- ASSIGNED TASK: Retype all data exactly as given. Pictures should not be retyped.

- RECORDED DATA:
Content starts

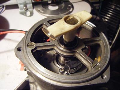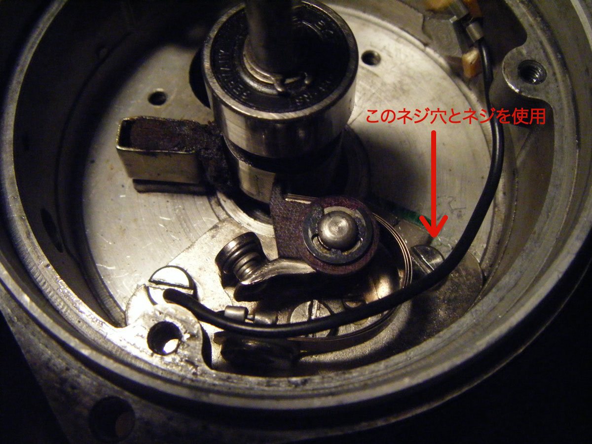 を外し、デスビ上部のカバーも外すとポイントが見える。ポイントとデスビ側面にあるコンデンサーを撤去する。矢印のネジとネジ穴を使ってIgnitor
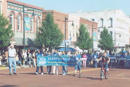 Albion Open School, marches along, with 6th grade teacher Mr. Petro at the left waving to his fans. Albion Open School is called that because students progress at their own pace. |
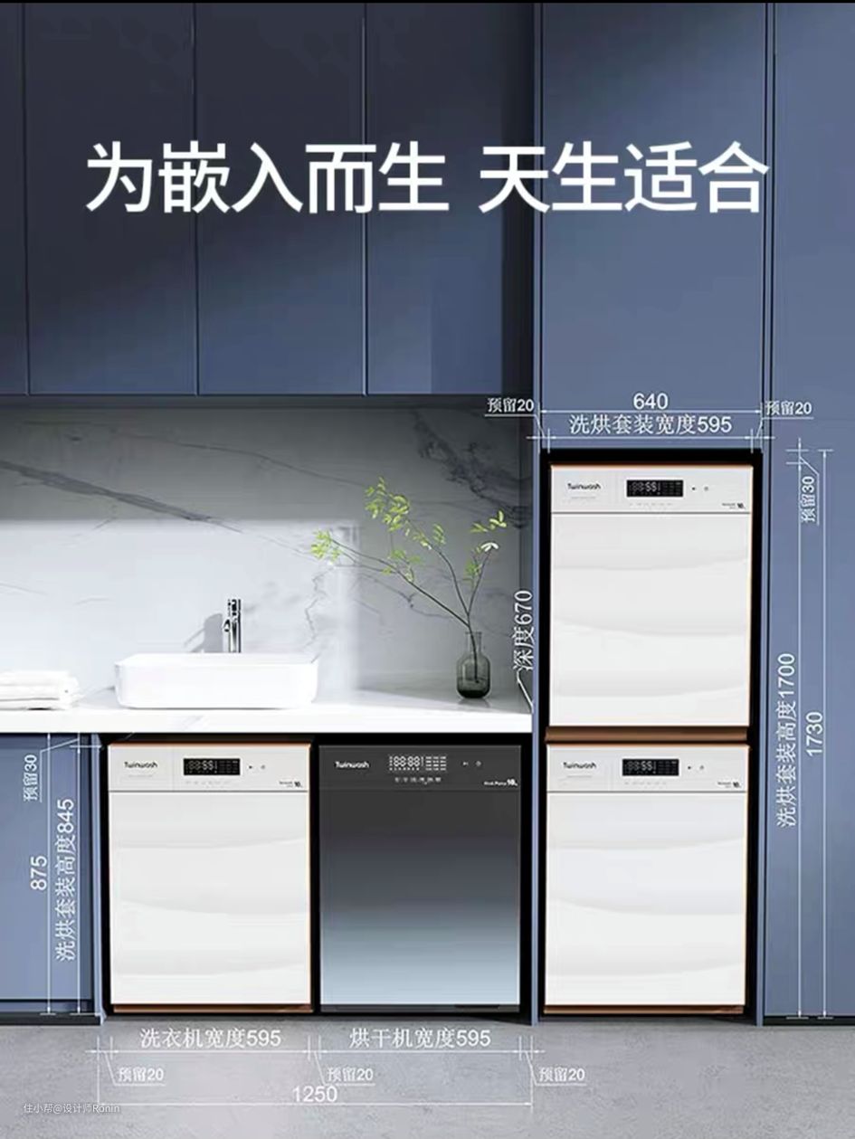 如果是做嵌入式打柜子,想要美观不凸出,那么柜子尺寸就要跟洗衣机和烘干机契合。

Content ends

- ANSWER SPACE:
 を外し、デスビ上部のカバーも外すとポイントが見える。ポイントとデスビ側面にあるコンデンサーを撤去する。矢印のネジとネジ穴を使ってIgnitor
 Albion Open School, marches along, with 6th grade teacher Mr. Petro at the left waving to his fans. Albion Open School is called that because students progress at their own pace. |
 如果是做嵌入式打柜子,想要美观不凸出,那么柜子尺寸就要跟洗衣机和烘干机契合。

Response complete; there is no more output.